Я делаю глубокий вдох. Сначала я был так уверен в том, что это Харпер, а потом дневник Вики переубедил меня, и с тех пор я считал, что несчастный старик оказался лишь игрушкой в руках Дональда Уолша, преследующего свои гнусные цели. Но это не так. Никакая он не жертва.
– Вообще-то, сэр, я думаю, все намного сложнее. Сейчас у Харпера проявляются признаки слабоумия, однако три года назад все было иначе. В дневнике Вики ничто не указывает на проблемы с умственным состоянием ее похитителя. Полагаю, он прекрасно знал, что делает. И да, сходство Вики с Присциллой тоже повлияло на Харпера, только в другом смысле. Он решил отомстить. Такое вот у него извращенное представление о расплате.
– Разве он не говорил, что боится подвала, потому что оттуда доносятся какие-то звуки?
– Подозреваю, что это как раз следствие прогрессирующей деменции. Он вполне мог забыть, что запер ее там.
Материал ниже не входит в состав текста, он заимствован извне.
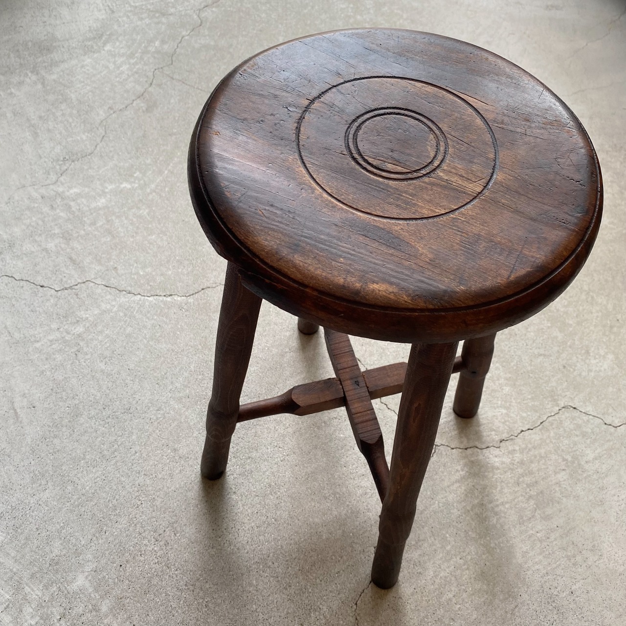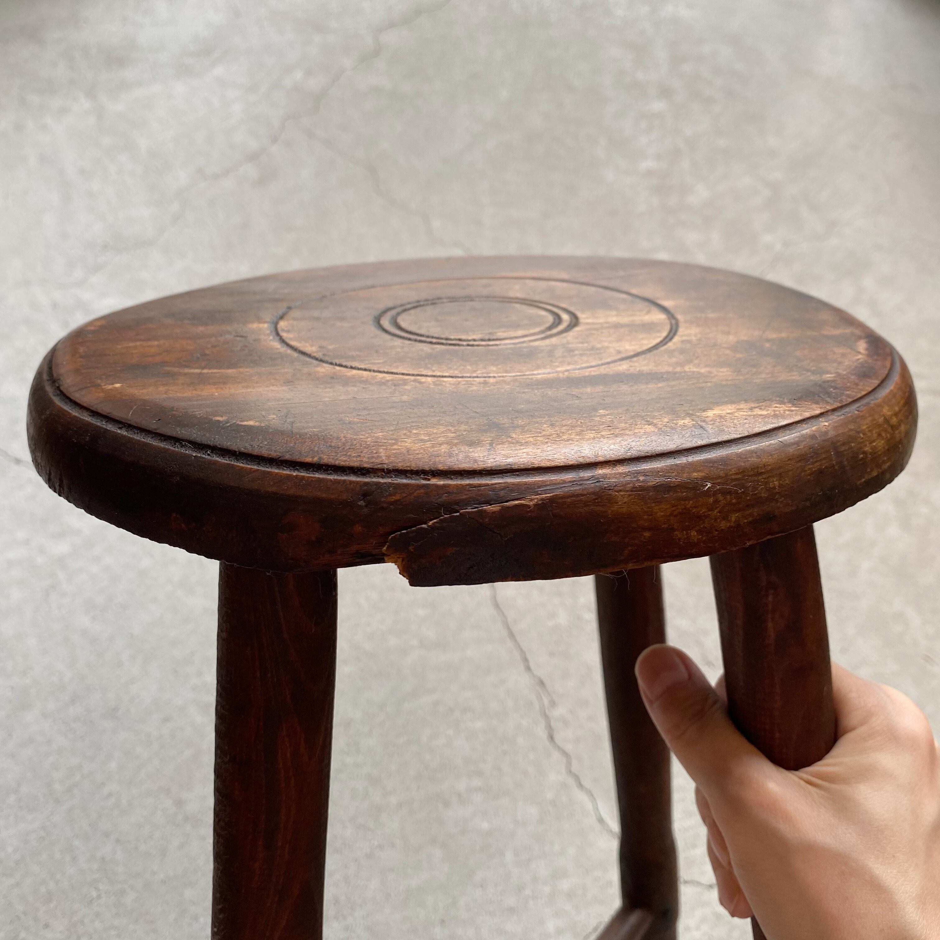 古い物という事に加え、背もたれのないスツールタイプの椅子という事もあり、実際に長時間座って頂くというよりは雑貨や花瓶などを置いてディスプレイに使って頂くのが良いかなと思います。

Поэтому, вероятно, и перестал носить еду и воду.
Харрисон откидывается на спинку стула.
– Никак в голове не укладывается. Уолш казался более подходящей кандидатурой.
– Знаю, сэр. Я тоже так думал.
– Но ДНК не врет. Мальчишка от Харпера.
– Да, сэр.
– Кстати, насчет ДНК – что там с Гардинером?
– Мы допросили его еще раз. Есть частичный отпечаток на клейкой ленте и следы ДНК на одеяле, в которое было завернуто тело, однако для обвинения этого недостаточно. Еще он, возможно, жестоко обращался с их няней. Пытаемся понять, единичный ли это случай.
– Возможно? Вы с ней еще не поговорили?
– Нет, сэр. Оказалось, что найти ее не так-то просто.
Харрисон хмурится, а я мысленно ругаю Куинна.
– Но вы не сбрасываете Харпера со счетов в деле Ханны Гардинер? Есть версия, что он совершил оба преступления?
– Да, сэр. Эта версия все еще рассматривается.
– А Служба уголовного преследования возбудит против Харпера дело, учитывая его болезнь?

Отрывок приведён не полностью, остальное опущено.